=== Begin Enclosure ===

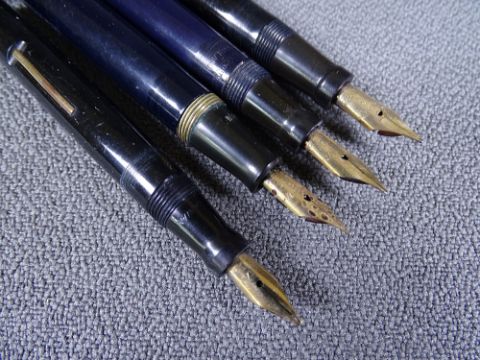 MABIE TODD - Three vintage (1930s-1940s) Swan Mabie Todd fountain pens with 14ct gold nibs, 1) dark blue 3220 self-filler pen with gold trim and 14ct gold Swan nib (No 2), 2) black SM 112B/60 self-filler pen with Empire-style stepped clip of the washer type with 14ct gold Swan nib (No 1), 3) dark blue unnumbered self-filler fountain pen with nickel trim and 14ct gold Swan nib (No 2) and a vintage 1940s Swan Mabie Todd self-filler fountain pen with gold trim, unusual decorative cap band and 14ct gold Swan nibs (No 2)
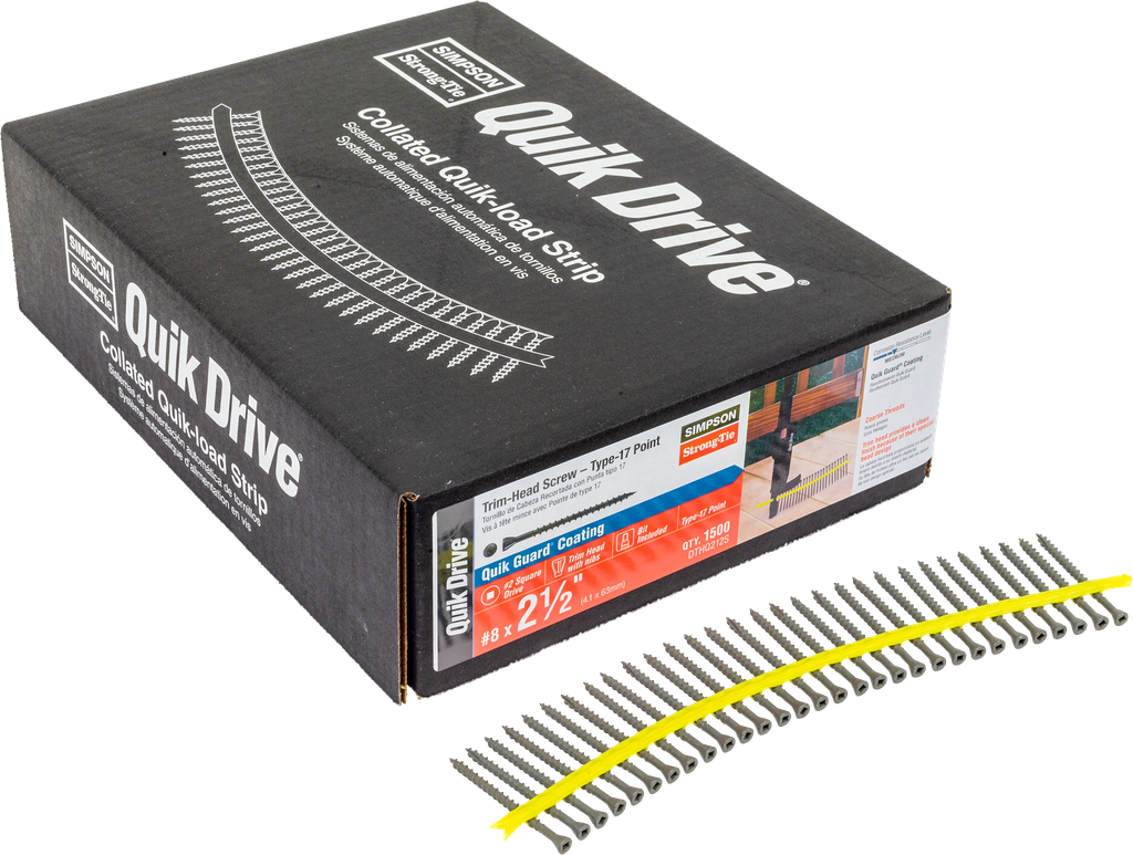Engineered for optimal performance in various woodworking applications, the trim-head screw by Simpson Strong-Tie is designed with a Type-17 point, which allows for effortless penetration into materials, minimizing the chance of splitting. Its coarse threads ensure a firm grip, while the trim head features nibs that simplify countersinking, providing a clean finish to your projects. Each box includes a #2 undersized square drive driver bit for added convenience, and the curved collation ensures that these screws feed smoothly for quick installation. With the added benefit of Quik Guard® coating, these screws offer exceptional corrosion resistance, making them suitable for exterior use and preservative-treated wood applications.
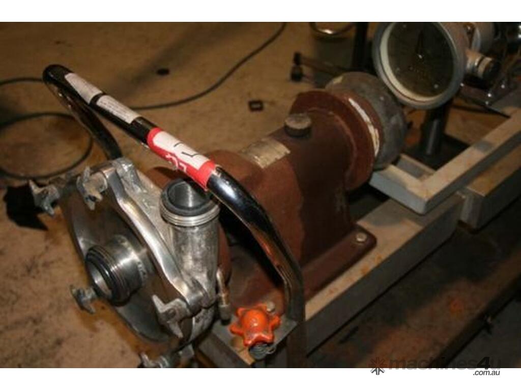 This 2” port Sanitary Centrifugal Pump has BSM fittings and is of quick knock down easy cleaning design, the pump and bearings are actually in good condition in spite of the superficial rust on the bearing housing, the stand its attached to is all stainless and it was no doubt used in an area subject to caustic and or steam wash down.
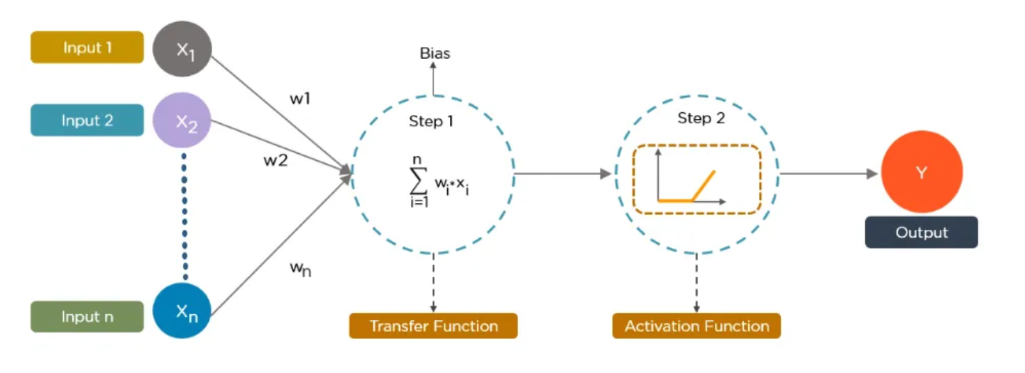 - Transfer Function: The node calculates the weighted sum of the inputs and the bias using the formula:
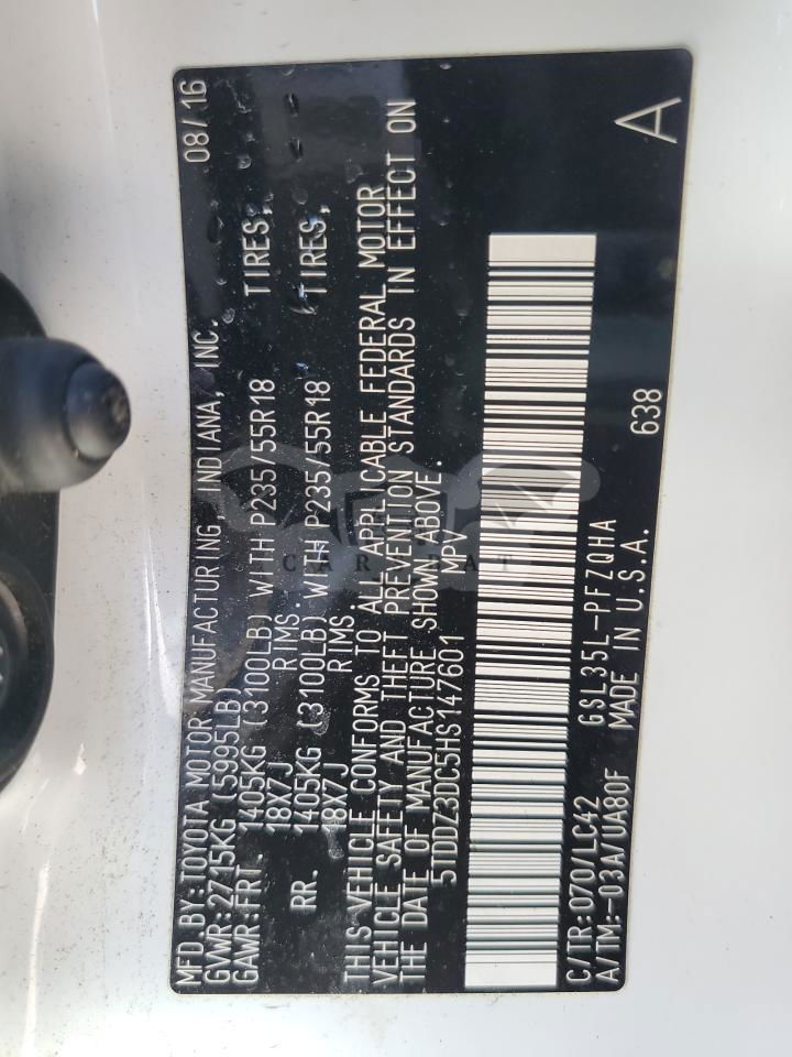 • VIN: 5TDDZ3DC5HS147601
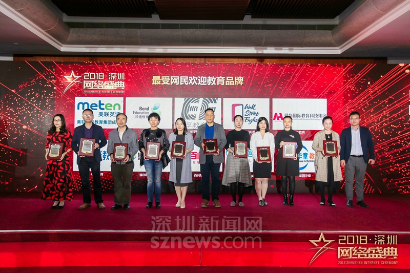 “十大行业最受网民欢迎品牌”奖项(教育)获奖代表上台领奖
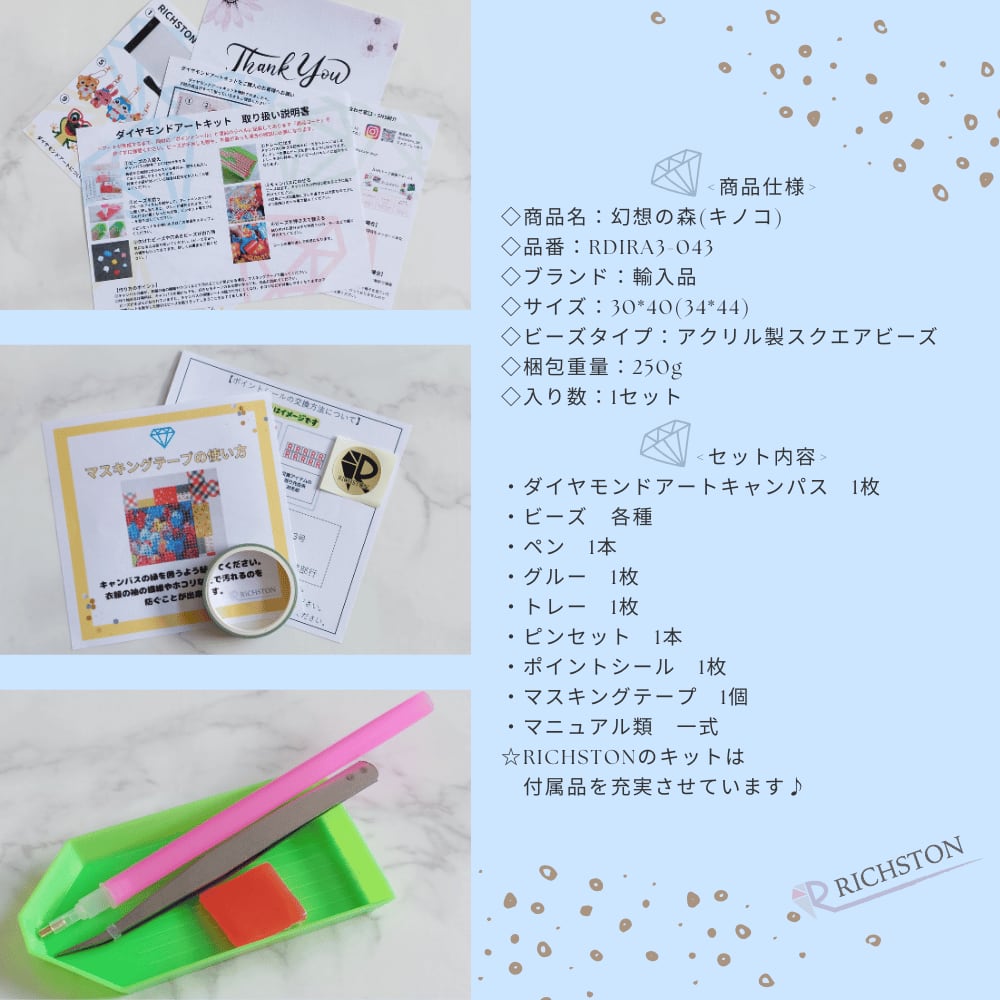 ダイヤモンドアート 『幻想の森(キノコ)』 40cmx50cm(外寸45x55) アクリル製スクエアビーズ 選べる発送オプション RDIRA2-043 【RICHSTON】
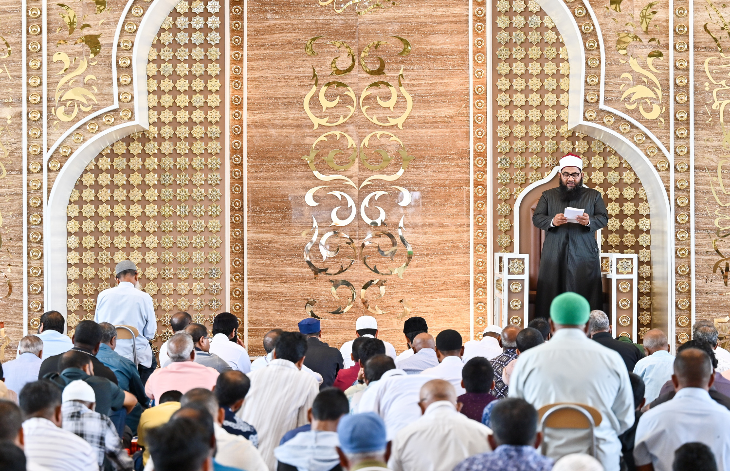 The congregation listens as the Friday sermon is delivered.-- Photo: Fayaz Moosa / Mihaaru
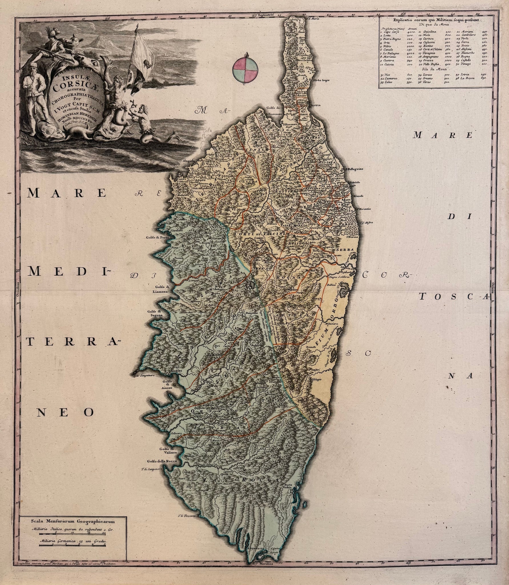 Korsika - Frankreich : Johann Baptist Homann Erben / Joan Vogt - Original Kupferstich - 1735
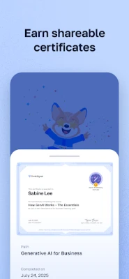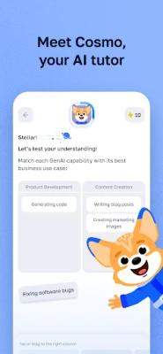 Miks just Cosmo? Sinu tehisintellektist juhendaja Cosmo isikupärastab õpiteekonna, aidates sul kiiremini omandada uusi teadmisi ja oskusi. Praktilistel ülesannetel põhinevate õppetundidega on uute oskuste omandamine nauditav ja efektiivne, võttes vaid mõne minuti päevas. Ehita üles ja kinnista karjääri seisukohalt kõige nõutumaid oskusi, mis viivad sind edasi. Kõik kursused on täiesti tasuta ning saadud teadmiste kinnituseks võid teenida jagatavaid sertifikaate ja oskusmärke. Vali valmiskursuste vahel või lase Cosmosedel aidata sul mis tahes teemat koheselt praktiseerida.
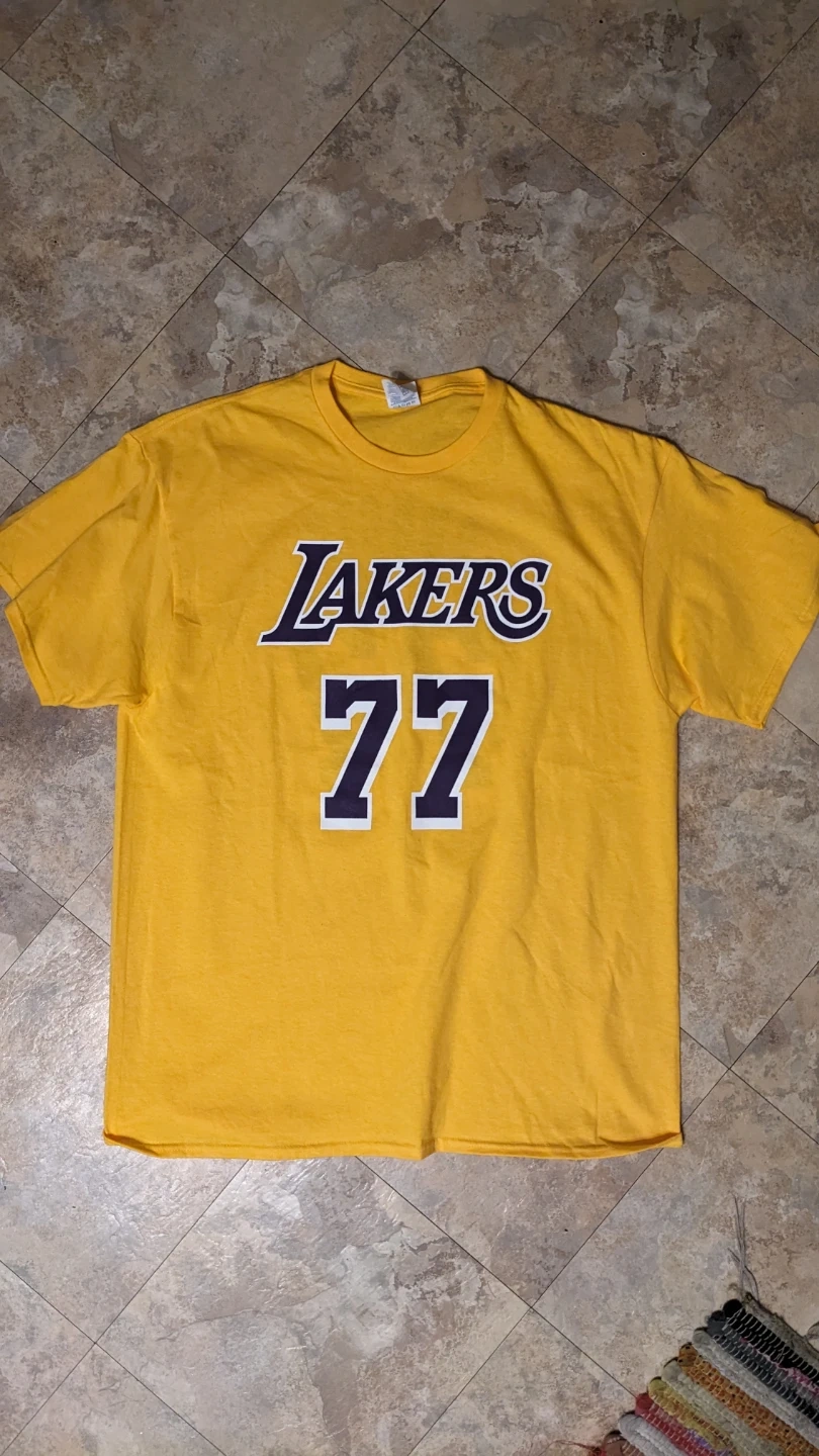 Los Angeles Lakers logo on the front and "Dončić" with the number "77" on the back. It's a size XL and made of cotton. Perfect for any basketball fan!
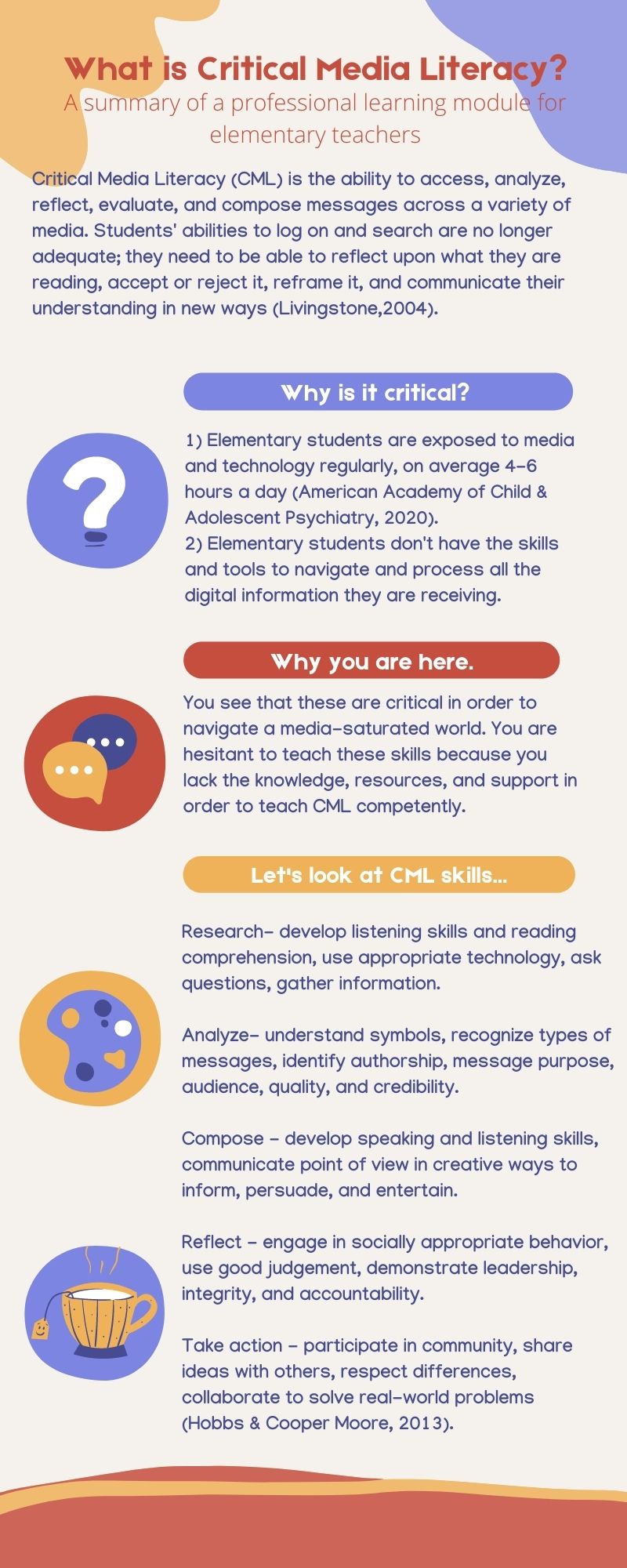 - Abstract: As a response to a growing recognition of the need for critical media literacy skills, educational institutions have included critical media literacy (CML) outcomes within curriculums across Canada. However, its placement as an additional topic of study or embedded in language curriculums for elementary students, diminishes its priority. This module for professional development examines elementary teachers’ perspectives of CML in Alberta, how they understand it and their frustrations and comfort levels in teaching it. The module offers a foundational understanding of CML, the skills associated with it, and lessons for classroom use in Divisions 1 and 2.
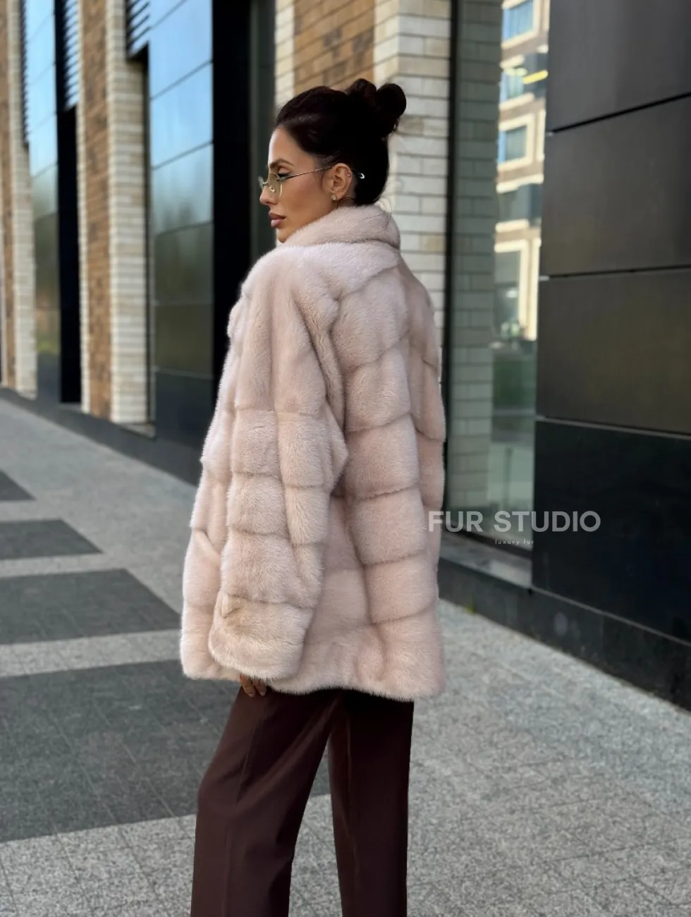 Шуба норковая пудрового цвета с английским воротником доступна для покупки в нашем шоуруме Furs Studio в Чите. У нас так же есть доставка во все города России. Добавьте немного роскоши в свой гардероб с этой шубой, которая будет служить вам многие годы.
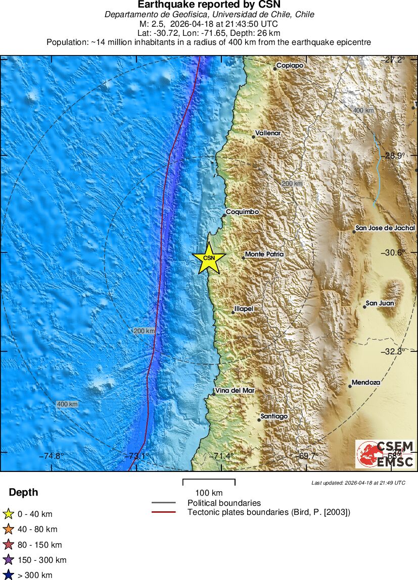 | 2.5 | 26.3 | 7714 | 23:43 | Enlace | Terremoto pequeño - COQUIMBO, CHILE - Ayer |

=== End Enclosure ===

Task to complete
Drop the pictures; return the lines above from the line containing "The congregation listens" to the line containing "Miks just Cosmo?", both included, exactly.

Response area
 The congregation listens as the Friday sermon is delivered.-- Photo: Fayaz Moosa / Mihaaru
 Korsika - Frankreich : Johann Baptist Homann Erben / Joan Vogt - Original Kupferstich - 1735
 Miks just Cosmo? Sinu tehisintellektist juhendaja Cosmo isikupärastab õpiteekonna, aidates sul kiiremini omandada uusi teadmisi ja oskusi. Praktilistel ülesannetel põhinevate õppetundidega on uute oskuste omandamine nauditav ja efektiivne, võttes vaid mõne minuti päevas. Ehita üles ja kinnista karjääri seisukohalt kõige nõutumaid oskusi, mis viivad sind edasi. Kõik kursused on täiesti tasuta ning saadud teadmiste kinnituseks võid teenida jagatavaid sertifikaate ja oskusmärke. Vali valmiskursuste vahel või lase Cosmosedel aidata sul mis tahes teemat koheselt praktiseerida.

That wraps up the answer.